The task:
Set the listing down unchanged, minus every embedded image.

Data segment section start

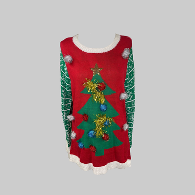 Jólapeysa með jólatré og glimmerdúskum
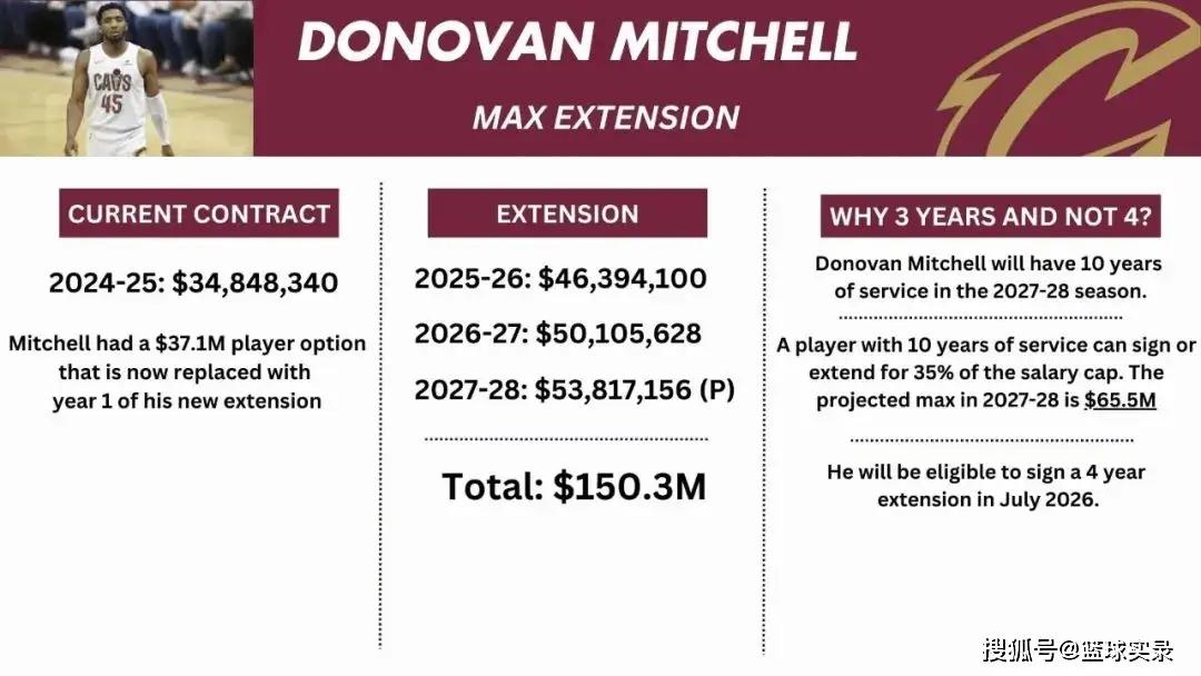 需要说的是,米切尔可以签下的最大续约合同其实是4年2.08亿,之所以选择2+1的三年合同,与利益最大化有很大关系。
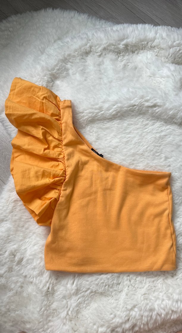 Zara Sarı Fırfırlı Tek Omuz Bluz
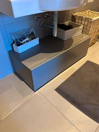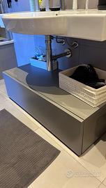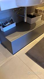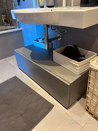 Mobile contenitore moderno color tortora opaco, posizionato sotto lavabo. Dotato di un ampio cassetto con apertura push-pull, perfetto per riporre asciugamani e prodotti bagno. Design lineare e pulito, in ottime condizioni.

Data segment section end

Exercise result:
 Jólapeysa með jólatré og glimmerdúskum
 需要说的是,米切尔可以签下的最大续约合同其实是4年2.08亿,之所以选择2+1的三年合同,与利益最大化有很大关系。
 Zara Sarı Fırfırlı Tek Omuz Bluz
 Mobile contenitore moderno color tortora opaco, posizionato sotto lavabo. Dotato di un ampio cassetto con apertura push-pull, perfetto per riporre asciugamani e prodotti bagno. Design lineare e pulito, in ottime condizioni.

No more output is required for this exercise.